◆ **What to work on**
Given these entries, repeat exactly the lines starting with the one that has "Cihazınızdaki tüm önemli" and going on through the one that has "Solid Color Wrapped", both included, but none of the pictures.

** Information follows **

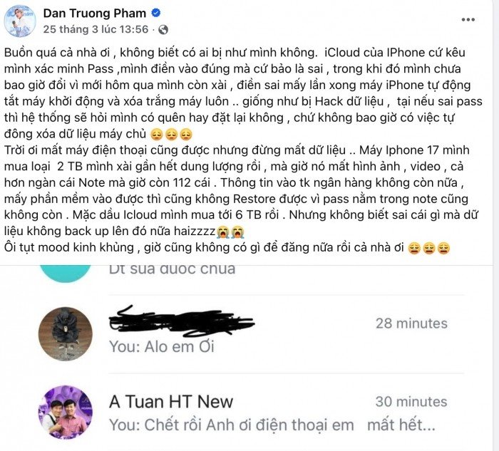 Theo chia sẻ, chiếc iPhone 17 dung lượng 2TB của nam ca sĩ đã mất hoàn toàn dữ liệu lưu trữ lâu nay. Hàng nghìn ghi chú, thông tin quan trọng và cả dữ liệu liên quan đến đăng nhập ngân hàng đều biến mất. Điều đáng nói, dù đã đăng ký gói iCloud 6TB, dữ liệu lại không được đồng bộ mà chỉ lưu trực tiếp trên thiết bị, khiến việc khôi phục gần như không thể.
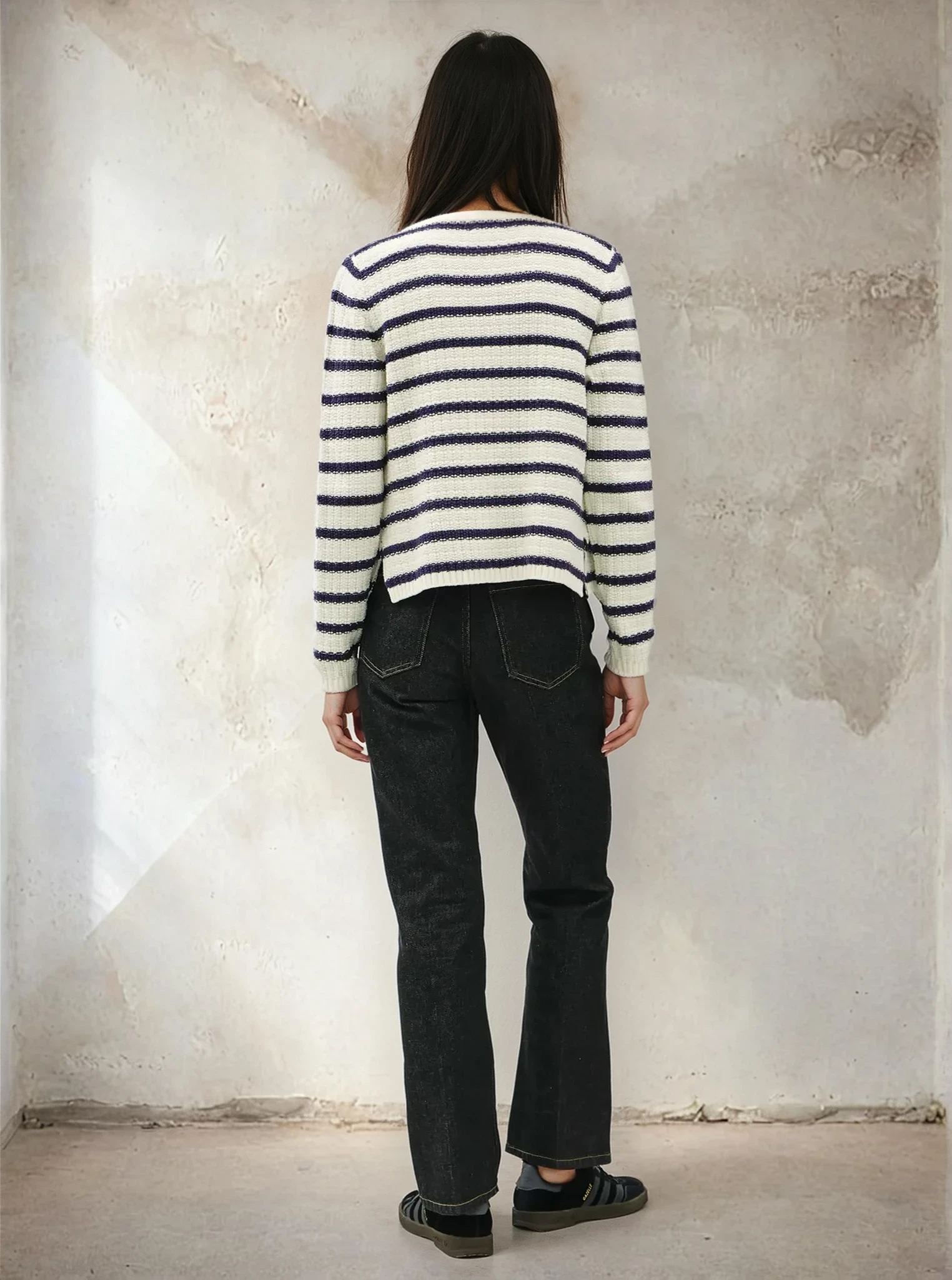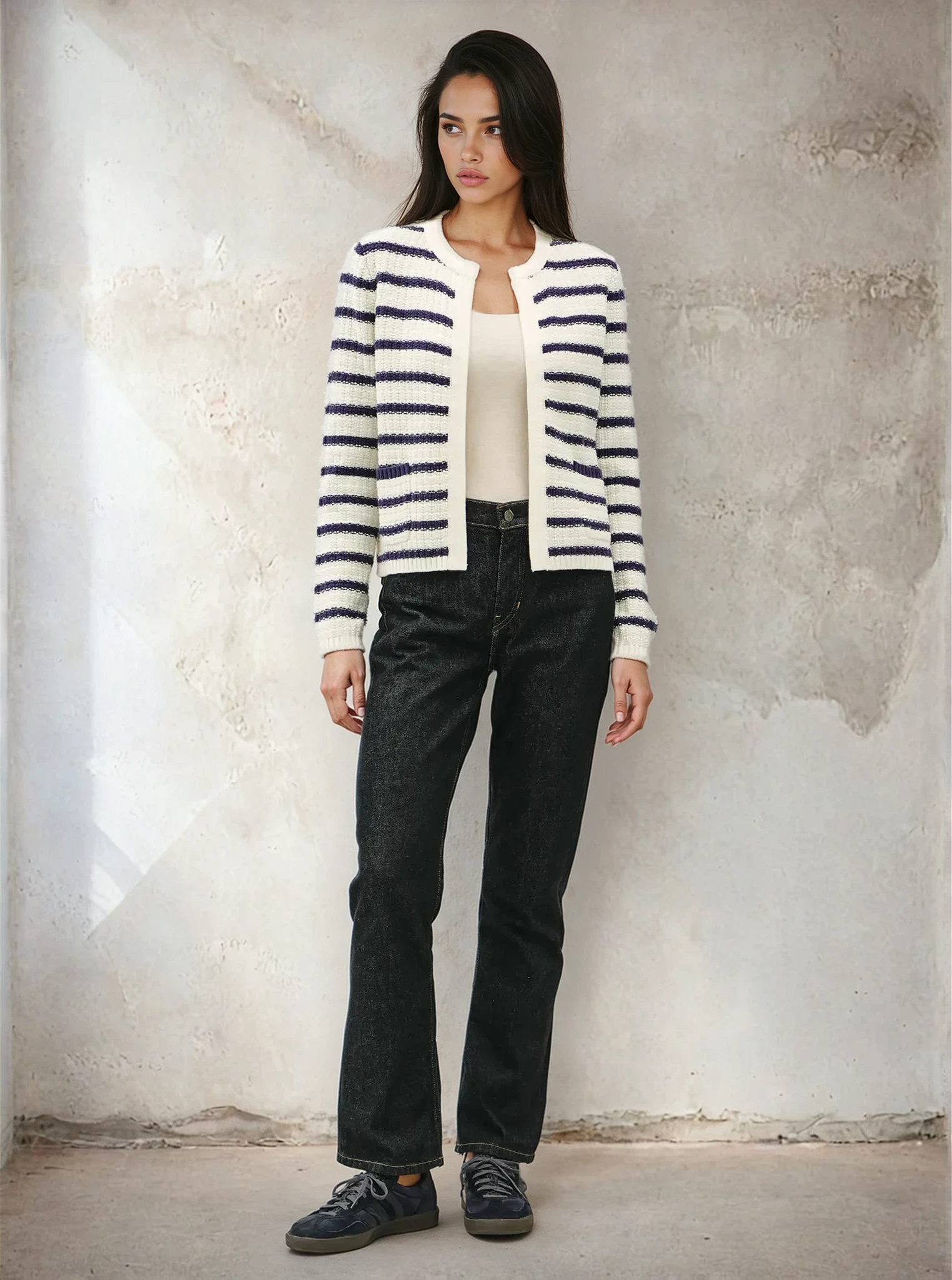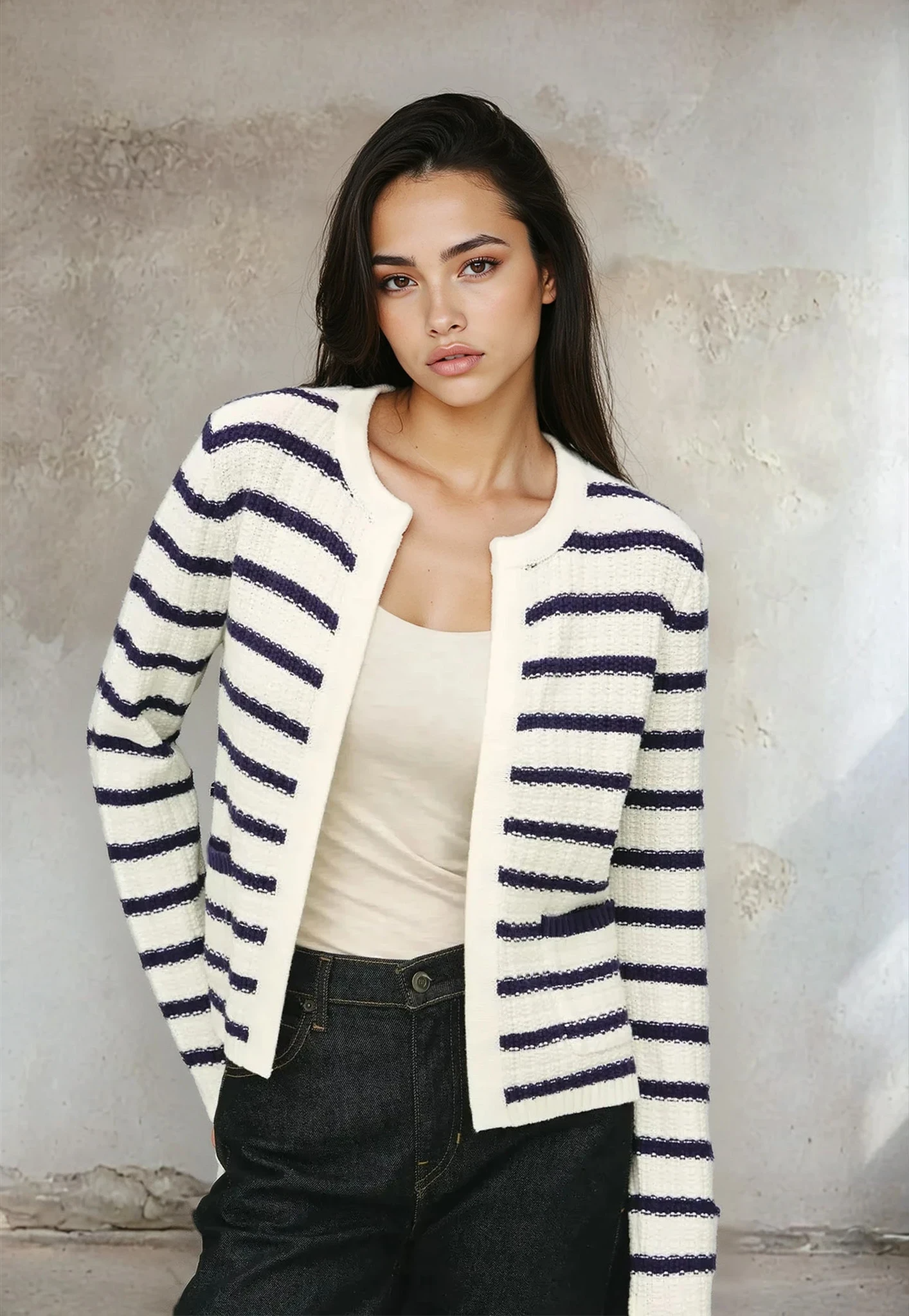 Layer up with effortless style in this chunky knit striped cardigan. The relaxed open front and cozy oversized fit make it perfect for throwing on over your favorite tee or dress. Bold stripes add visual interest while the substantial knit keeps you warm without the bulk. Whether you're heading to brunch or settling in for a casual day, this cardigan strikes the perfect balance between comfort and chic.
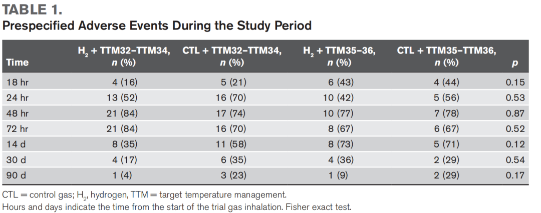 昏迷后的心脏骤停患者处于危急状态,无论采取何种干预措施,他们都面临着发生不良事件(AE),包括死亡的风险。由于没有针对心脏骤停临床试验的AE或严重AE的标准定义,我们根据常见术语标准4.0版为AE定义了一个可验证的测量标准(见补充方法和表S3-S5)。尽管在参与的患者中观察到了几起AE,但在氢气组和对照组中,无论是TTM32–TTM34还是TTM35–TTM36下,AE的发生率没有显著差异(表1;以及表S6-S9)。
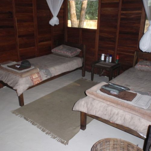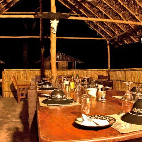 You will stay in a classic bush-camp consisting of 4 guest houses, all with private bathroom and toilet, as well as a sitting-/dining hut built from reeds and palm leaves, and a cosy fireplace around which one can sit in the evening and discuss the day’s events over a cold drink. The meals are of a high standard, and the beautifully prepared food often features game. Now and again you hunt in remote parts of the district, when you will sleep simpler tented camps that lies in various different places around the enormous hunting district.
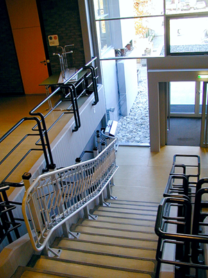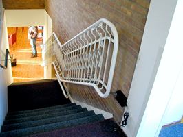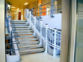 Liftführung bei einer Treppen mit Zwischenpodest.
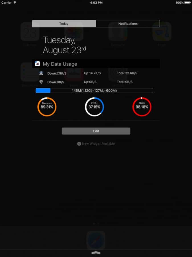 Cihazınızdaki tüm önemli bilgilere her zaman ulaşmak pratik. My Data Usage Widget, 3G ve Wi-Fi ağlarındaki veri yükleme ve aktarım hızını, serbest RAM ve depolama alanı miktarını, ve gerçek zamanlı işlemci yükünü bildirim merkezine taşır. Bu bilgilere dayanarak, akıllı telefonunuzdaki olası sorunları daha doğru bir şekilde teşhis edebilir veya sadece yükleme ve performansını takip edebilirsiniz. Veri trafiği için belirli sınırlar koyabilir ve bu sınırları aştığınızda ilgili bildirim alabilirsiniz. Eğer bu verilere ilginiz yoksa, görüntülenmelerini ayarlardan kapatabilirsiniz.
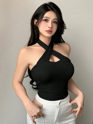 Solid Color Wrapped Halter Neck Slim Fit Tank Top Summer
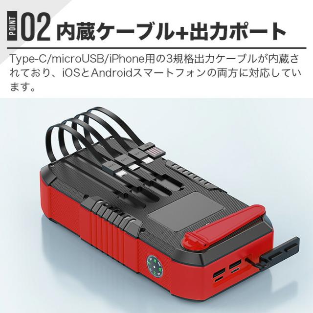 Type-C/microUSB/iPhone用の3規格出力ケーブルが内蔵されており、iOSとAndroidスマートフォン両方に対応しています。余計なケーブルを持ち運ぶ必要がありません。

** End of Information **

◆ **Expected answer**
 Cihazınızdaki tüm önemli bilgilere her zaman ulaşmak pratik. My Data Usage Widget, 3G ve Wi-Fi ağlarındaki veri yükleme ve aktarım hızını, serbest RAM ve depolama alanı miktarını, ve gerçek zamanlı işlemci yükünü bildirim merkezine taşır. Bu bilgilere dayanarak, akıllı telefonunuzdaki olası sorunları daha doğru bir şekilde teşhis edebilir veya sadece yükleme ve performansını takip edebilirsiniz. Veri trafiği için belirli sınırlar koyabilir ve bu sınırları aştığınızda ilgili bildirim alabilirsiniz. Eğer bu verilere ilginiz yoksa, görüntülenmelerini ayarlardan kapatabilirsiniz.
 Solid Color Wrapped Halter Neck Slim Fit Tank Top Summer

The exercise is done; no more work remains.